Reunião com o TJ-SP: sem maiores novidades

por Sylvio Micelli / ASSETJ

José Gozze durante a reunião - Foto: Sylvio Micelli (Assetj)
Aconteceu na tarde desta terça (18), mais uma reunião entre o Tribunal de Justiça do Estado de São Paulo e a Associação dos Servidores do Tribunal de Justiça do Estado de São Paulo (Assetj), além das demais representações de servidores da categoria. O encontro, ocorrido no Fórum João Mendes, não trouxe nenhuma novidade em relação à reunião ocorrida há menos de dez dias.

O TJ-SP esteve representado pelo desembargador Antonio Carlos Malheiros, indicado pela presidência para acompanhar as questões funcionais; o juiz assessor da Presidência, Ricardo Felício Scaff e as secretárias Lilian Salvador Paula (Secretaria de Planejamento de Recursos Humanos - SPRH) e Diva Elena Gatti da Mota Barreto (Secretaria de Gerenciamento de Recursos Humanos - SGRH).

O presidente do TJ, desembargador José Renato Nalini não compareceu à reunião, fato que causou questionamento dos presentes.

O desembargador Antonio Carlos Malheiros deu início à reunião trazendo resposta a uma solicitação feitapela Comissão de Entidades que discute o orçamento do TJ e que se reuniu na véspera com a Secretaria de Orçamento e Finanças (SOF). Qual, enfim, é o valor que existe no Fundo Especial de Despesa do Tribunal de Justiça de São Paulo (FEDTJ)? Segundo Malheiros, em conversa com a presidência, o dado trazido é que o FEDTJ dispõe hoje de 200 milhões de reais e que receberá aportes mensais de R$ 100 milhões do Banco do Brasil.

Disse Malheiros que esta verba, segundo afirmação da presidência do TJ-SP, será usada "preferencialmente" para dívidas e pleitos dos servidores.

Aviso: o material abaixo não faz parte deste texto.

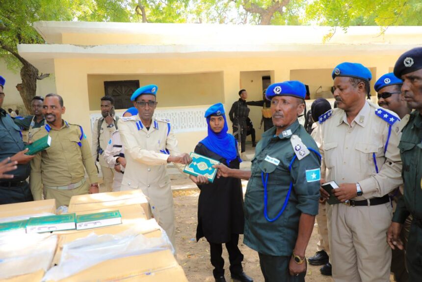 Taliye ku xiggeenka ciidanka Booliska Soomaaliyeed Jeneral Sakiya Xuseen iyo hoggaanka Anshaxa iyo wacyi-gelinta Booliska ayaa maanta Kutubo Qur’aan ah ku wareejiyey ciidanka Birmadka Booliska iyo sidoo kale Ciidanka Daraawiishta, waxaana goob joog ahaa taliyaha ciidanka Birmadka Booliska Kornel Suleymaan Maxamed Axmed Dulmi-diid.

Em seguida, o magistrado deu início à leitura dos itens aventados na última reunião:

a) reiterou e ratificou a reposição salarial de 6% sobre o total dos vencimentos, a ser recebido já nos vencimentos de abril. Afirmou que o percentual é superior ao INPC calculado no período de 5,38%;

b) sobre a extensão da GDAC (Gratificação de Desempenho de Atividades Cartorárias) a todos os Agentes foi informado que os estudos feitos pelas juizas da assessoria de Recursos Humanos da presidência do TJ-SP, Maria Fernanda de Toledo Rodovalho e Maria de Fátima Pereira da Costa e Silva ainda não foram finalizados. Malheiros afirmou que a legislação é complexa;

Bonafonte cobrou postura do TJ-SP
Foto: Sylvio Micelli (Assetj)
c) a respeito do Projeto de lei Complementar Nº 56/2013 que versa sobre o nível superior como requisito de ingresso na carreira de Oficial de Justiça, o desembargador informou que a presidência está fazendo uma análise sobre os projetos que são prioritários para o TJ-SP tendo em vista que, por se tratar de um ano eleitoral, não haverá prazo suficiente para aprovação de tudo. Disse, porém, que o PL 56 é prioritário;

d) o Adicional de Qualificação (AQ) está pendente no departamento técnico-financeiro do TJ-SP. Segundo Malheiros, o Ministério Público está "com dúvidas" sobre a Lei Complementar 1217/13. Ele pretende reunir-se com a Procuradoria para saber que "dúvidas" seriam essas, ressaltando-se aqui que o MP tem competência para, eventualmente, apontar questões constitucionais sobre a Lei;

e) reajuste do auxílio-saúde para 250 reais: segundo o desembargador a proposta constou do orçamento encaminhado pelo TJ no ano passado mas sofreu cortes pelo Executivo. O TJ-SP apresentou emendas na Assembleia Legislativa para aumentar o auxílio-saúde, para cumprir a Lei Complementar 1217/13 e para as despesas decorrentes do Projeto de Lei nº 30/2013. Todas as emendas, sem exceção foram rejeitadas;

f) no que tange aos processos e solicitações sobre insalubridade, a presidência "avocou" o material para que seja analisado pela comissão que estudará tais questões. Em breve será marcada uma reunião com representantes dos servidores;

g) sobre o projeto aprovado pelo Órgão Especial que transforma os Agentes Administrativos em Escreventes, o desembargador Antonio Carlos Malheiros afirmou que o presidente do TJ-SP foi pessoalmente entregar o projeto na Assembleia Legislativa e que o TJ trabalhará por sua aprovação.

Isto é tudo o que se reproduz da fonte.